Everything from the first line of the data through the line with "Στην πιθανότητα να" is to be echoed exactly, minus the pictures.

### Data extract

----------------------------------------

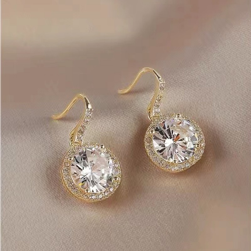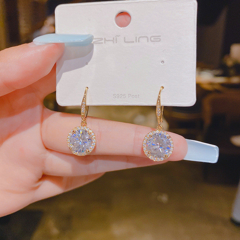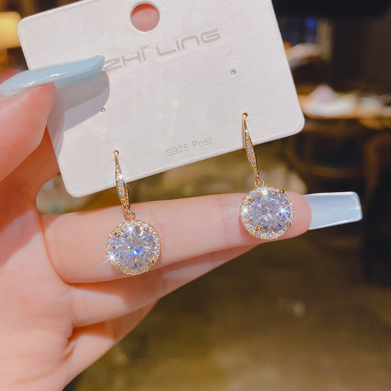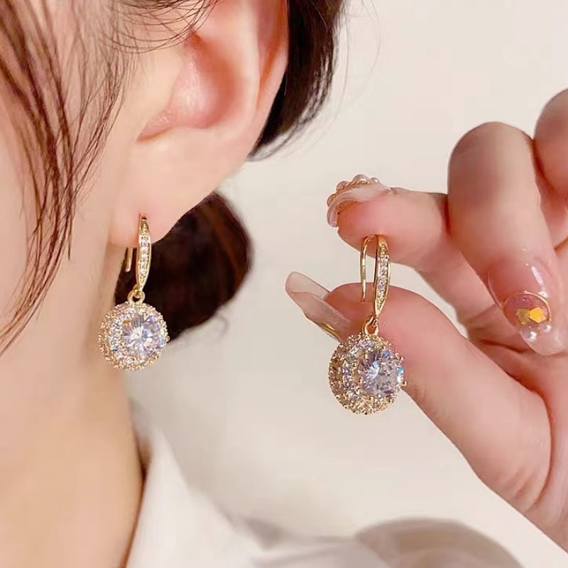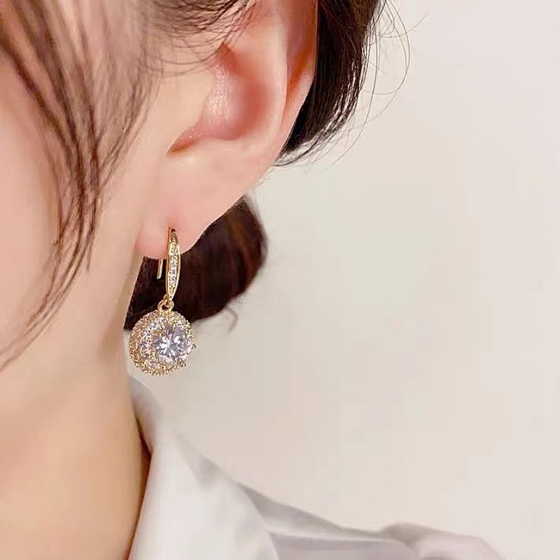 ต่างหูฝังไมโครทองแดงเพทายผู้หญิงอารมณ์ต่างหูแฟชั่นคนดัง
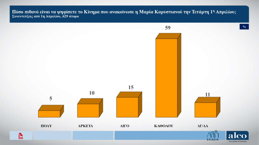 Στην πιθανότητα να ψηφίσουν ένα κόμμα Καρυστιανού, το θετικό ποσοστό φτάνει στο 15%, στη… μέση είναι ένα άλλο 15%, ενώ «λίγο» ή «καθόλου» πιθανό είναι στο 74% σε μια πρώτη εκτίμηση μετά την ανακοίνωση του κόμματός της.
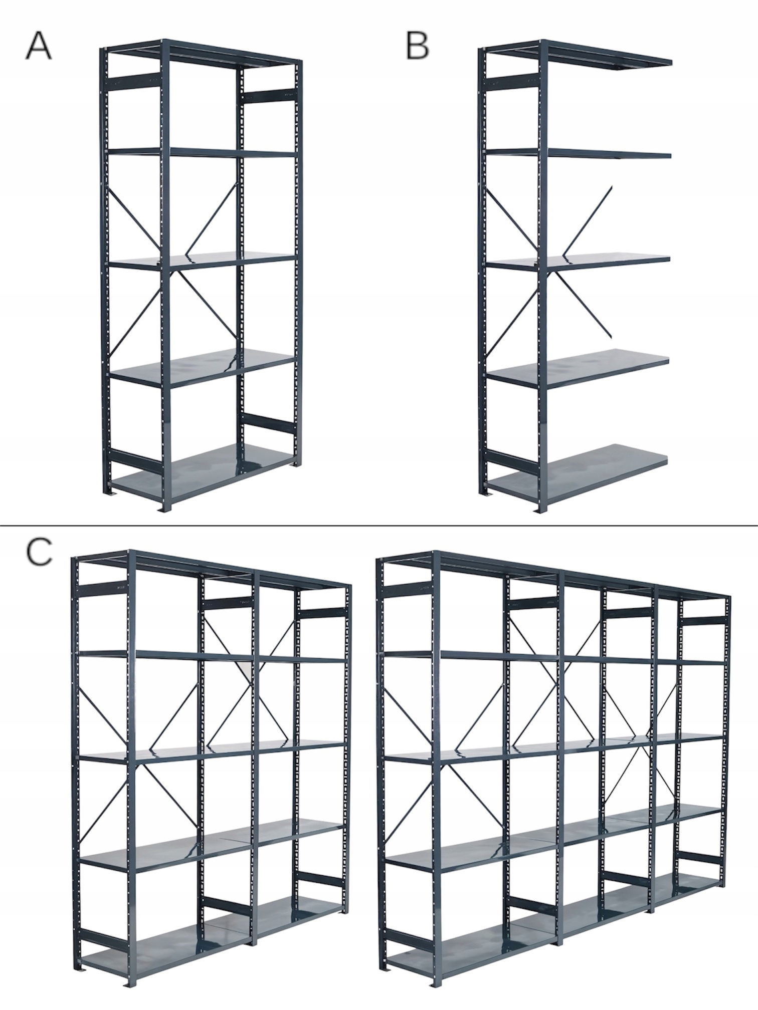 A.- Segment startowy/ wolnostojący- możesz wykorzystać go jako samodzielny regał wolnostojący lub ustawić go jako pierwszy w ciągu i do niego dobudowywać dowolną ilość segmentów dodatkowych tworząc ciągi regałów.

----------------------------------------

### Response below
 ต่างหูฝังไมโครทองแดงเพทายผู้หญิงอารมณ์ต่างหูแฟชั่นคนดัง
 Στην πιθανότητα να ψηφίσουν ένα κόμμα Καρυστιανού, το θετικό ποσοστό φτάνει στο 15%, στη… μέση είναι ένα άλλο 15%, ενώ «λίγο» ή «καθόλου» πιθανό είναι στο 74% σε μια πρώτη εκτίμηση μετά την ανακοίνωση του κόμματός της.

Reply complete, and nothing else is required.